Shepherding the Mind is not built on science, evolved from counselling or psychotherapeutic theory or sessions. It’s about living this stuff. For real. Walking on the left-hand side of authority figures, it is predicated on my own experiences of depression, my reflexive observations of a relationship with a dog (and, whisper it, with myself); how the discipline of an Academic Research Method can impose validity on stuff that is often confused by emotion, agenda, (often accidental) biases or an innate need for us to re-write history to serve our own defence structures. It solidified after a conversation with the former Chief Executive of Combat Stress in 2013, but needed a further decade to find a home. Its primary purpose is to reach — takes a beat — unreachable people.

In 2023 I applied to do a Masters in Psychology after my PhD. I’ve always been intensely interested in psychology and self-help, interested in ‘fixing’ myself. I’d bought a book in the ‘Greatest Books Distilled’ series, 50 Psychology Classics. Nothing to do with my time in the Academy, I’d already read 17 of them. Vicktor Frankl’s Man’s Search for Meaning, since you ask. There were plenty of self-help books I’d read too that obviously don’t qualify as worthy. Zig Zigler’s The Goals Principle or Johnathan Haidt’s The Happiness Hypothesis since …

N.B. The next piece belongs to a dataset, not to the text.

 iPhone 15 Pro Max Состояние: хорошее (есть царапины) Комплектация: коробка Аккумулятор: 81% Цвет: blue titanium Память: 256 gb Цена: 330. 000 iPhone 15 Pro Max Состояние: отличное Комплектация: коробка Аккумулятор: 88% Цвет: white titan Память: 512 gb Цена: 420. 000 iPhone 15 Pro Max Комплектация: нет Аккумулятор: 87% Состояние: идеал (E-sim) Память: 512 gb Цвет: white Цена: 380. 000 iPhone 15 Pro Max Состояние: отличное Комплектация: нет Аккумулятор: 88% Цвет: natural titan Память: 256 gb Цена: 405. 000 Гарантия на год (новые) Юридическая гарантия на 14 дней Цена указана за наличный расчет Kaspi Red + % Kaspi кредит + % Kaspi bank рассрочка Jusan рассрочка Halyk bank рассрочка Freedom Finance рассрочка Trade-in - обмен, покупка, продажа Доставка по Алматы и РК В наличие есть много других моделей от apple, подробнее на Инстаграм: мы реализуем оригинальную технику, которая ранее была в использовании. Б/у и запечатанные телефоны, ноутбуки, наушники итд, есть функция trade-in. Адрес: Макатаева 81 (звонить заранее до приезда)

I believe it’s possible to have a ‘lay’ view of this stuff that allows you to go to where bureaucratic rules and regulations don’t allow many proponents to go — as long as it’s systematic, robust and of no self-interest (personal agenda, it’s not about scoring points from incidents in your past). Discoveries from self-examination of a disturbed mind must be for general gain, not personal self-interest. In the interests of a better, more functioning, community. They must be accurate, poignant, and reference-able, ie, this credible person has thought about it and written about it too.

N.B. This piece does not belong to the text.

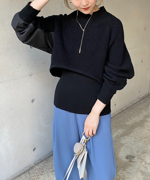 トレンドのスタイリングが作れるショート丈ニット 商品ポイント ・今人気のショート丈のニットとインナーのセットアイテム ・ニットは袖の下部分が布帛に切り替わっており、すっきり着られる ・短めの丈感が脚長効果をプラス ・これ1つでレイヤードスタイルが完成する万能アイテム ・程よい厚みで今の時期から春先まで長く着られる スタイリングポイント ・ハイウエストのボトムスにインナーをインしてすっきり着るのがおすすめ ・トレンドのマーメイドスカート合わせで女性らしく ・ニットはお手持ちのシャツやロンT、ワンピースに合わせても◎ ********************** 透け感:なし 裏地:なし 伸縮性:あり 光沢感:なし ********************** ▼洗濯方法 ドライクリーニング ※撮影場所やお使いのモニター環境により若干お色味が異なる場合がございます。 特にロケの撮影では明るく見える傾向にございます。 ※商品はサンプルで撮影をしております。若干の仕様が変更になる場合がございますので予めご了承の上ご注文くださいますようお願いいたします。 ▼商品のお気に入り登録 完売カラーの再入荷通知や、ラスト1点の通知、セールの通知も受け取ることができます。 ▼ブランドのお気に入り登録 新商品や再入荷など、いち早くブランドのお得な情報を受け取ることができます。

The idea for Shepherding the Mind was born in 2013 when a large German Shepherd dog came into my life under curious circumstances and I worked out how he was keeping me alive in a difficult situation. After a chat with the former CEO of Combat Stress, I started to plan for an organisation using dogs and horses for former-military personnel with complex PTSD, especially those who went on to choose to end their own life. I was no stranger to that kind of planning.

My own life got complex. The dog died. I’d promised myself to live one day, and one day only, longer than the dog. Again, for curious reasons, that didn’t happen. Now, or at least for now, cancer hasn’t got me either, although I’ve only lived one and a half of the five years I was given. So let’s see what the numbers say. At the moment they are on my side.

For my own well being I enrolled on a Masters at the local uni in 2016, they let me sit in on the BA modules (I didn’t have a degree) — I had to shower, dress, get there, be in public, chat to girls — providing a structure to my life, abandoned after a diagnosis of progressive multiple sclerosis. Surprising myself by thoughroughly enjoying college, I then did a PhD in the language and nature of poetry. Metaphor, the life-blood of poetry, is crucial to communicating with others, in communicating with ourselves.

I believe, through my studies and reflexive analysis of myself, it is possible to change the little inner voice in our heads. I just need to prove it. I have done it to myself, I just need to show how. All of this shit kept me alive. Now it’s time to keep one other person alive.

That’s what this site is about.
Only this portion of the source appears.